Question

I'm working with fixed-length field data, and I need to shorten the decimal places of a series of numbers to only two decimal places. It is nothing but zeroes after the decimal, so it's easy enough to write a regex that will trigger on it. The problem is, I need to replace the extra zeroes with spaces. I know I can save a subexpression and recall it in the replacement, but is there a way to count the number of zeroes removed and recall that? I'm just using the regex in Notepad++'s replace window.

Was it helpful?

Solution

I've found something that works here.

search string: ([.]00[ ]*)0

replace string: \1 (There's a space following the 1)

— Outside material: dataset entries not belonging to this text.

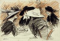 Vos Chapeux: Ladies at the Ritz, New York. Paul Cesar Helleu (1859-1927). Black and red chalk. Executed in 1913. 21.6 x 31.1cm. Photo © Christie's Images / Bridgeman Images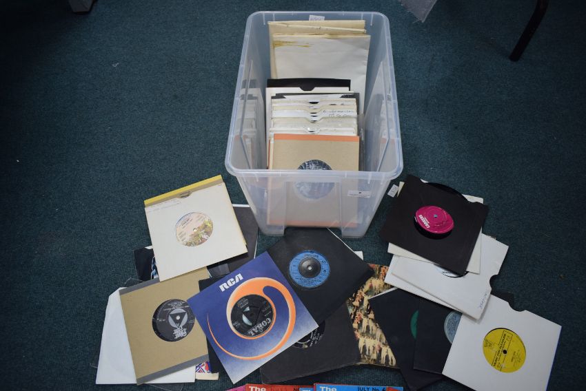 Collection of Beatles Singles and Ephemera Including the Beatles Monthly Book, Posters, etc.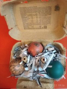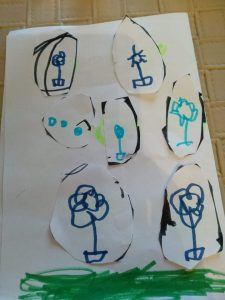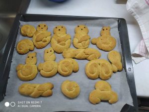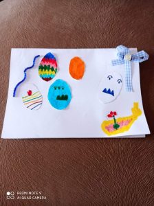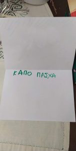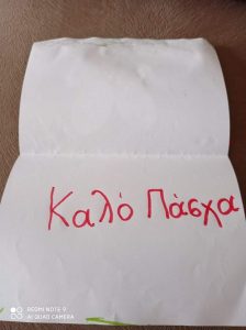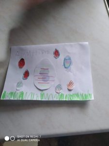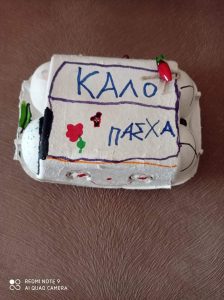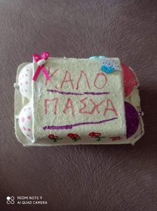 Έτσι κάναμε όλες τις απαραίτητες προετοιμασίες σαν να ήμαστε στο σχολείο μας : και τις πασχαλινές μας κάρτες φτιάξαμε….και τις αυγοθήκες μας ετοιμάσαμε…και τα αυγά μας βάψαμε….και τα λαζαράκια μας ζυμώσαμε….και τα πασχαλινά μας κουλουράκια ψήσαμε και μοσχοβόλησαν τα σπίτια μας!!!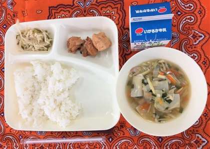 鶏肉のチリソース焼き、焼き豚とワンタンの皮スープ、切干しだいこんのごま辛みづけ、ごはん、牛乳〔本日は個別対応献立として、調理の最後に「ワンタンの皮」を加える前に、取り分けた「ワンタンの除去食」も提供しました。〕
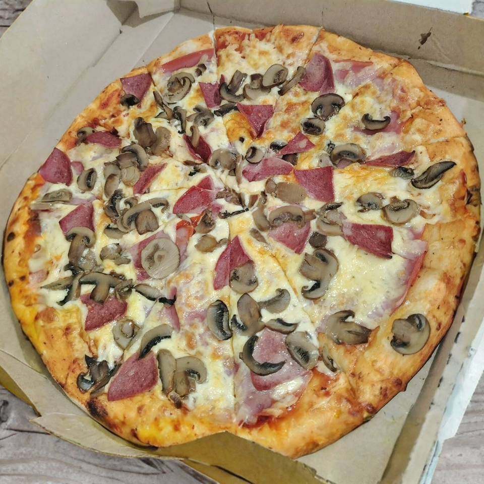 Salsa De Tomate,Queso Manchego,Jamon,Salami Y Champiñon.Acompañado De Su Salsa Inglesa,Oregano Y Su Chile Molido

What this does is find the .00, followed by any number of spaces, followed by a zero. It then replaces that with the .00 and the spaces, followed by a space. Each time it is run, it replaces one more of the extra zeroes with a space. It works, but can anyone think of something that only has to be run once? This worked in this case, but I've had other times when I wished regex could count.

OTHER TIPS

This worked in this case, but I've had other times when I wished regex could count.

Haven't we all wished that at one time or another :)

The only way I've found to do what you need is to use Python's regular expression library, which allows you to specify a function to do the replace, instead of a replace string. So you could make this call on every line in your file:

re.sub(search_string, replace_func, line)

This is how you would use it:

import re
search_string = r'(\.0{2})(0+)'
# this function is called for each match, and returns the replace string
def replace_func(match):
    num_zeroes = len(match.group(2))
    if num_zeroes:
        return match.group(1) + num_zeroes * ' '
    else:
       return ''

for line in ('1234.0', '1234.00', '1234.000', '1234.0000'):
    print re.sub(search_string, zero_replacer, line)

Unfortunately, this doesn't help you for Notepad++, but if you're interested, I could write up a more complete python script that would read your file and do the work.

you need to run this in a loop to use the back references correctly:

var data = "7.00000000000 5.00000000 8.0 9.000000000000000000000";
var re = /(\.0{0,2})(0*)/;
alert(data.replace(re, RegExp.$1 +RegExp.$2.replace(/0/, 'x')));

edit: first answer collapsed, which is not what the OP wanted.